In [1]:
from sklearn import model_selection
import pandas as pd
from sklearn import metrics
from sklearn.naive_bayes import  BernoulliNB, MultinomialNB, GaussianNB
from sklearn.preprocessing import OneHotEncoder
import numpy as np 
from sklearn.linear_model import LogisticRegression
from sklearn.neighbors import KNeighborsClassifier

weather = pd.read_csv('weatherAUS.csv') 
weather = weather.replace(to_replace = ['No', 'Yes'], value = [0, 1]) #replacing strings with labels

#преобразование категориальных признаков
onehot_encoder = OneHotEncoder(sparse = False)
categorical_columns = pd.DataFrame(onehot_encoder.fit_transform(weather[['Location', 'WindGustDir', 'WindDir9am', 'WindDir3pm']]))

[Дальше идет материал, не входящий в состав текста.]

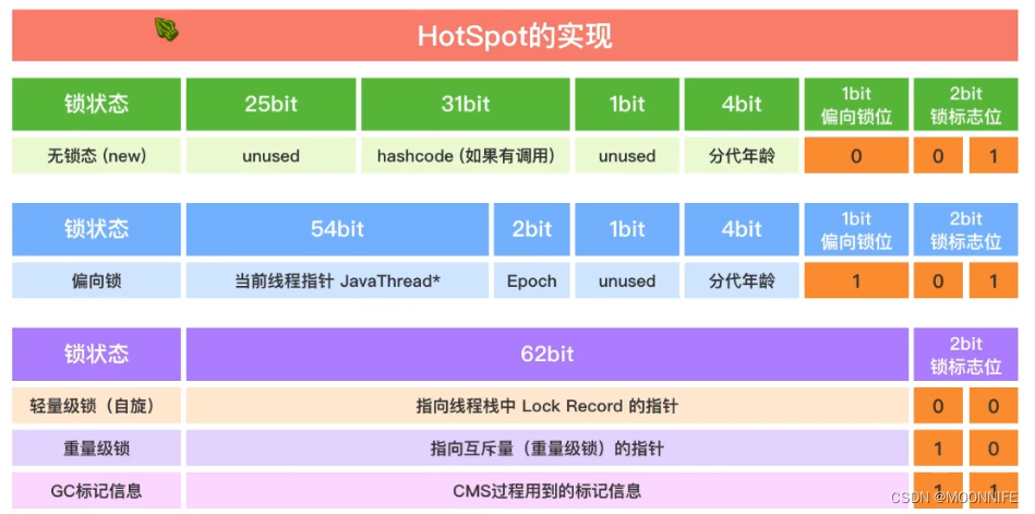 展开MarkWord,MarkWord中标记着四种锁的信息:无锁、偏向锁、轻量级锁、重量级锁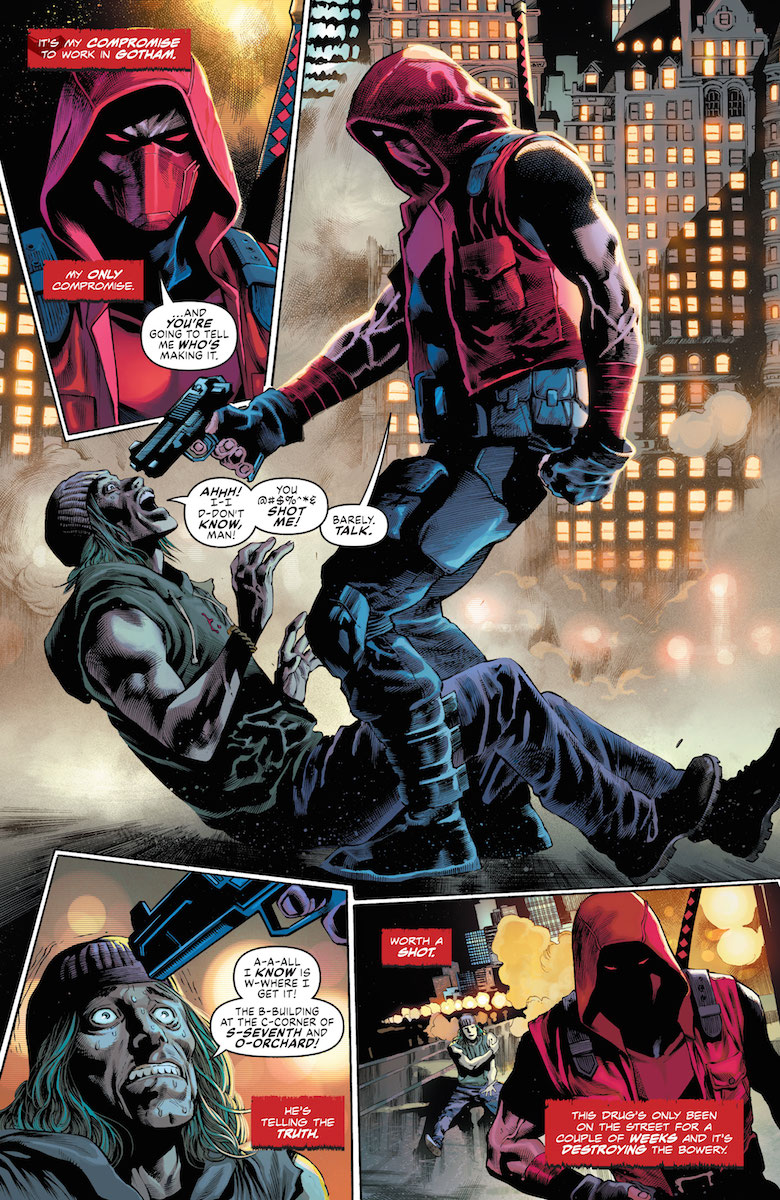 That would be Chip Zdarsky, who teams with regular Bat-artist Eddy Barrows on a Red Hood/Batman story. Red Hood’s gotten quite the spotlight lately with a-list talents taking on the Batfam’s bad boy. From the start, there’s a clever twist to explain Red Hood’s closer work with his family—he uses rubber bullets now. This oversized story—about thirty pages—pits both Red Hood and his former mentor against a new street drug that’s destroying Gotham. Called Cheerdrops, it seems to work like a drug version of the Black Mercy—making people see their fondest desires, even as it puts them in a coma or makes them take extremely risky moves like walking into traffic. While Batman and Red Hood chase different leads, Red Hood encounters a kid whose mother has fallen victim to the drug. Flashbacks shed some new light on the complex relationship between Bruce and Jason, and the story builds to a brutal and emotional climax that will likely put new stress on that father-son bond. It’s more proof that Zdarsky, while often known for his comedy, is one of the best dramatic writers in comics.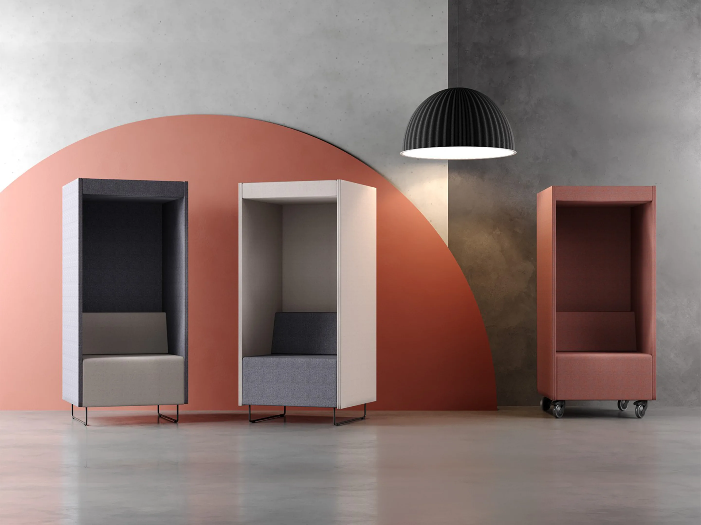 Volledig gestoffeerde akoestische bank, volledig omsloten, op 4 wielen, waarvan 2 geremd zijn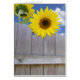 Girassóis amarelos brilhantes pendurados sobre a cerca de madeira.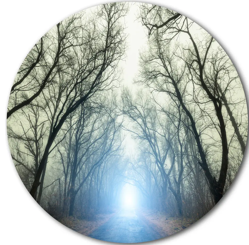 Bring Contemporary Abstraction to your home with this large Circle Metal wall art. This Dark Autumn Forest in Fog Metal Artwork makes it the focal point of any room or office. - White Gloss Coating ensures colors are extra vibrant with light reflection.- Aluminum grade Sheet Metal with 1 inch mounting frame on the back giving the illusion that the artwork is floating on the wall..- Mounting Brackets are included along with instructions.- High Quality Digital images are created directly into a glossy aluminum panel producing a stunning and captivating print into the glossy finish of the metal.- Water, Fire and Scratch resistant HD Aluminum panels.- Looks better than any photo paper and guaranteed to last at least 20 years- Easy to clean with a microfiber cloth. Colors are far superior to regular Canvas Art. - Easy to Hang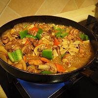 13. 鸡块入锅炖煮10分钟后,香菇与土豆、喜欢吃豆腐皮的朋友可以把豆腐皮一起放入锅中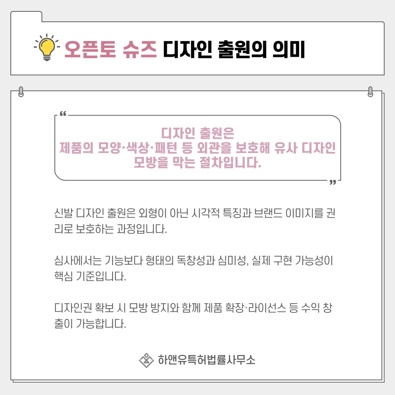 특히 신발은 외형 자체가 제품 경쟁력이기 때문에 디자인권은 사실상 시장 진입 장벽 역할을 합니다.
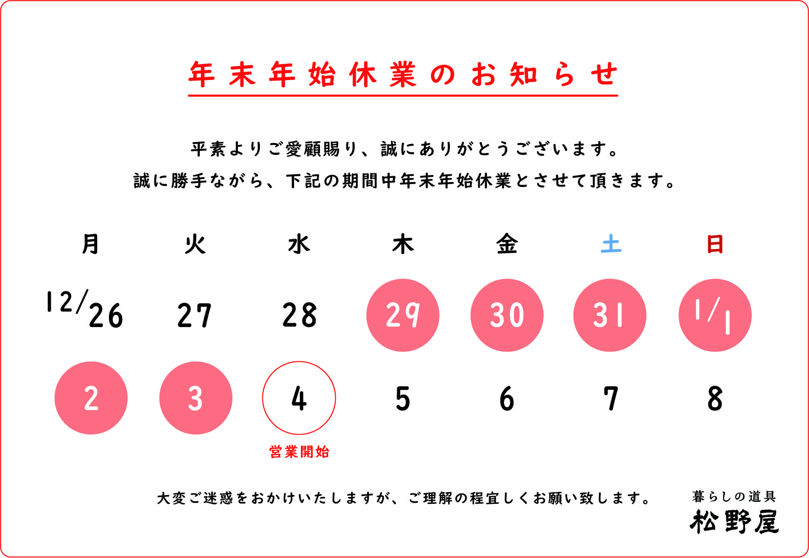 12/29(木) - 1/3(火) 休業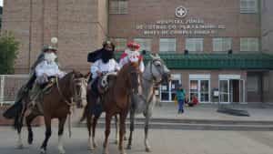 Luego, Melchor, Gaspar y Baltazar, montaron a sus caballos y regresaron hacia Plaza Huincul. Antes de llegar al nosocomio, estuvieron en Mosconi y parte de Centenario. El destino sería Universitario y barrio Otaño, para concluir en la “U”. Los Reyes Magos contaron con a ayuda de los integrantes de la agrupación gaucha Nuestra señora San Juan de Los Lagos.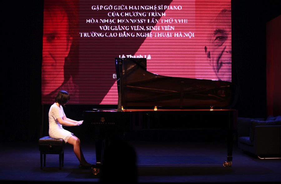 | Cha con nghệ sĩ dương cầm xuất sắc nhất thế kỷ nhận được nhiều câu hỏi trong buổi giao lưu với sinh viên trường CĐ Nghệ thuật Hà Nội. |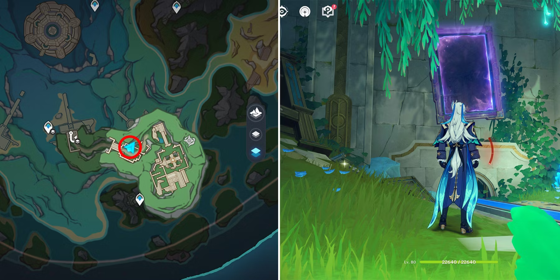 Второе Зазеркалье находится перед вертикальной подъемной колонной и механизмом Eliphas Beam в пещере Wilderness руин форта Харибда. Игроки смогут взаимодействовать с картиной во время головоломки Meteoric Lance Orthant в Genshin Impact.

weather = weather.drop(['Date', 'Location', 'WindGustDir', 'WindDir9am', 'WindDir3pm'], axis = 1)
weather = (weather - weather.min())/(weather.max() - weather.min())#Normalization
weather = weather.join(categorical_columns)

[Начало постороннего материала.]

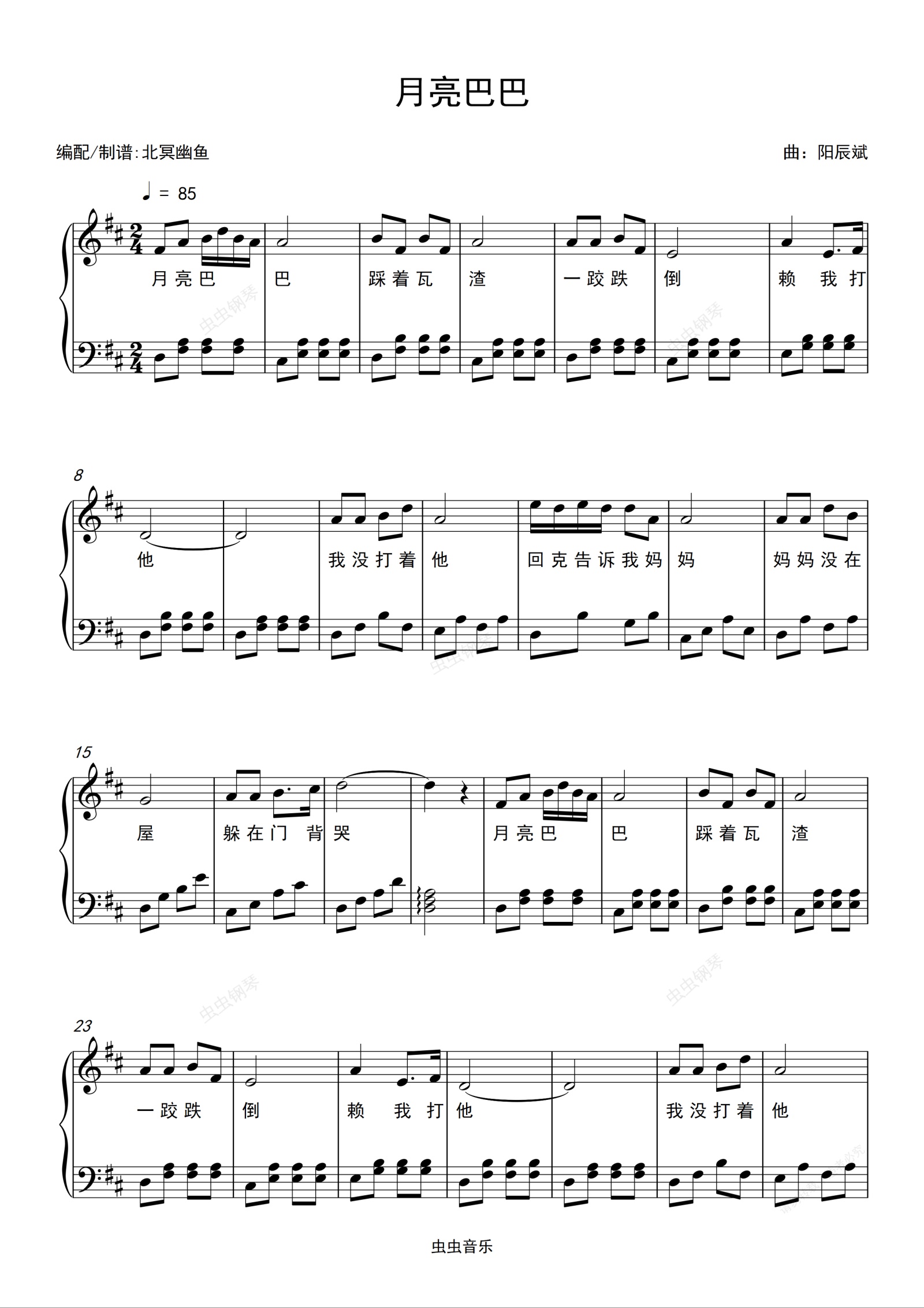 钢琴谱:月亮巴巴-桂林童谣-原创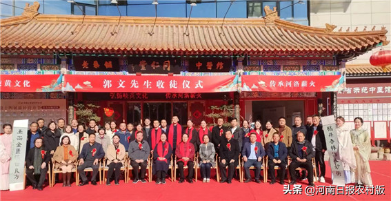 收徒儀式環(huán)節(jié),郭文先生及其夫人張玲老師上堂端坐,王林霞、李省魁、楊一博、王鶯、馬津辰等五位弟子敬獻鮮花,齊聲宣讀拜師帖,敬呈拜師帖,行拜師禮,敬奉謝師茶,弟子共同鞠躬表達對郭文老師的敬意。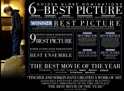 9:35 P.M. “The Social Network” wins AGAIN! That’s three! Hooray, things are looking up for team Facebook!!!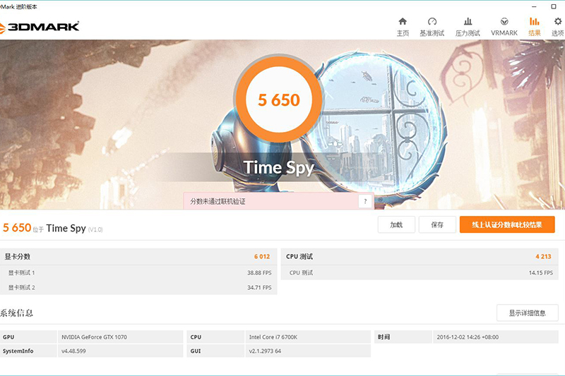 Time Spy是3DMark专门针对DX12所推出的测试工具,通过测试后,剑龙G7得到了5650的分数,再一次证明了微星红龙的实力。

weather.dropna(axis = 0, inplace = True)

X = weather.drop(['RainTomorrow'], axis = 1)
y = weather[['RainTomorrow']]

X_train, X_test, y_train, y_test = model_selection.train_test_split(X, y, test_size = 0.25, shuffle=False)

In [2]:
%%time
classifier = BernoulliNB()
classifier.fit(X_train, y_train)
prediction = classifier.predict(X_test)
print ('BernoulliNB:')
print ('accuracy: ',np.mean(prediction == np.ravel(y_test)))
print('precision: ',metrics.precision_score(y_test, prediction))
print('recall: ',metrics.recall_score(y_test, prediction))
print('f1: ',metrics.f1_score(y_test, prediction))

BernoulliNB:
accuracy:  0.7789024306272808
precision:  0.43925944712148113
recall:  0.6339677891654466
f1:  0.5189513108614232
Wall time: 146 ms


  return f(*args, **kwargs)


In [3]:
%%time
classifier = MultinomialNB()
classifier.fit(X_train, y_train)
prediction = classifier.predict(X_test)
print ('MultinomialNB:')
print ('accuracy: ',np.mean(prediction == np.ravel(y_test)))
print('precision: ',metrics.precision_score(y_test, prediction))
print('recall: ',metrics.recall_score(y_test, prediction))
print('f1: ',metrics.f1_score(y_test, prediction))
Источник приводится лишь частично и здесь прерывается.